After laying in a graveyard for a few hours (that will never sound normal), I realised that my problem isn’t plotting but my ability to spawn ideas. I know I should be putting my characters in situations where they have to make relevant and necessary choice, but I suck at figuring out what those situations should be.

I know the desires of my characters well enough but lack the imaginative fertiliser to cause those desire to drive forward and develop the narrative. Or do I?

Considering I’m now left with horse poop after today’s massive cull, perhaps I should let it rot for a short while? Do I have time for that? 5 – 6 weeks says that potentially, yes I have.

Deleting isn’t the worse thing I can do when writing. It’s more likely the best thing I can do when the ideas / plot / characters / writing I do have are weak, uninteresting, and pointless. Effacement is breathing space.

 

Note: This post has been deleted repeatedly.

Ah, overshot this one by a few days but forgive me because I’ve had one of those mind-altering, snotacular colds that put you in bed for days. And anyway, you got two in the space of a week so ner.

Today’s festivities!

Disease has a way of making me lose focus so as you can imagine, everything I had planned for the past week has been replaced by a waste basket full of sneezed-in-to tissues. But now I’m feeling better and I’m taking advantage of this lack of direction because when you’re standing in the middle of a disaster, you can see everything in detail. It’s got me thinking.

I’ve been making the novel too complicated and when things start to get sticky in my writing, they also start to become implausible. With people vanishing and origins being thrown out of sync, it’s no wonder I can’t finish the first chapter. Reading shouldn’t be easy but it shouldn’t be soul-destroying either.

I’m now trying to reform the plot so it’s simple, whilst searching the top cupboard of my brain for an important answer to an essential question: what am I exploring in this novel?

I’m not sure (lie). I can’t make it out in all the mess of ideas (another lie). I don’t understand it (blah blah blah).

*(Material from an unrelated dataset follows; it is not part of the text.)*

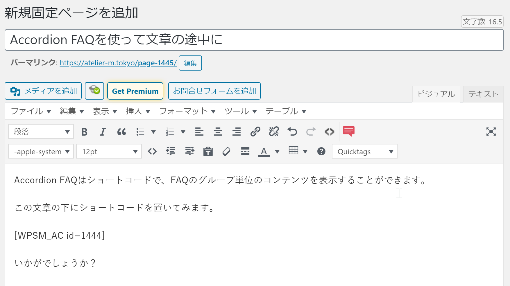 固定ページにFAQを表示させてみる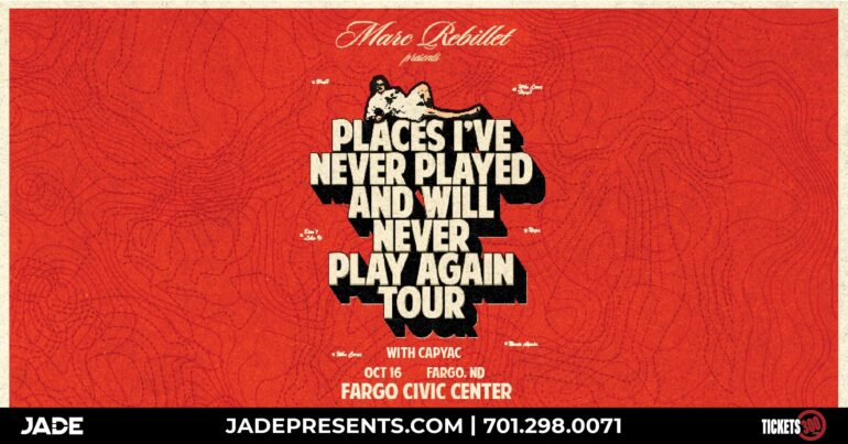Marc Rebillet – Places I’ve Never Played & Will Never Play Again Tour with CAPYAC comes to the Fargo Civic Center on Thursday, October 16. Local presale runs June 11 at 10AM to June 12 at 10PM using code IMPROVKING at → bit.ly/3FHWDvs. Tickets on sale June 13 at 10AM.

In truth: I’m exploring the absence of a presence.

The thing I’m unsure about is what this means and that’s an uncomfortable thought because it carries a hint of irony in it – that anything means anything. Of course it does! But only because we layer meaning over things. The idea that there’s an inherent meaning to anything is problematic. Pick an object, an emotion, a situation – whatever you want – and then open it up. Go on, don’t be shy! Right open. Now have a good look at it and tell me that the thing you’ve chosen has one definitive meaning. It doesn’t, does it?

Of course this is a bit of a farce because you’ll get the gurus (authority) who say (kinda snobbish in my head): yes yes, we’re all multiple and it’s all quite normal to be that way; there are many things but they all essentially boil down to one thing…

And then I lose interest because they’re doing it again, drawing all the multiplicity into a single point, a bit like this sentence just has. I’m stumped by this point too.

It’s too easy to say that nothing has a presence and it’s too convenient to say we’ll change it when we need to because presence never sticks around longe enough for us to a) recognise it and b) think about changing it.

This is why I need to keep it simple. For some reason my fingers started typing ‘complicated’ when my head was saying ‘simple’. There’s a conflict going on in my head and at the moment, there’s nothing I can do about it. Asides from stop trying so hard and let it go.

The Plan

  1. Finish chapter one and polish it so that the narrative makes sense
  2. Begin chapter two so that Faith finds herself in a new situation and so that I stop rotting in my own boredom
  3. Gently, gently, contemplate what it would mean to explore absence (TRACE) within the text itself and how this could be done
  4. Generate a lose and simple plot for the whole novel
  5. Write a synopsis based on this new plot.

There, simple. Over-and-out.

I’ve done something socially abhorrent: I’ve quit Facebook and without telling most of my ‘friends’. I can hear you asking me why so I’ll do the decent thing and answer.

There’s a point where my resilience to people, their dumb-ass attitudes, bigotry and constant negation of my feelings stops, even though I try to remain mindful that compassion extends to all. Including those who resemble parasites under the skin.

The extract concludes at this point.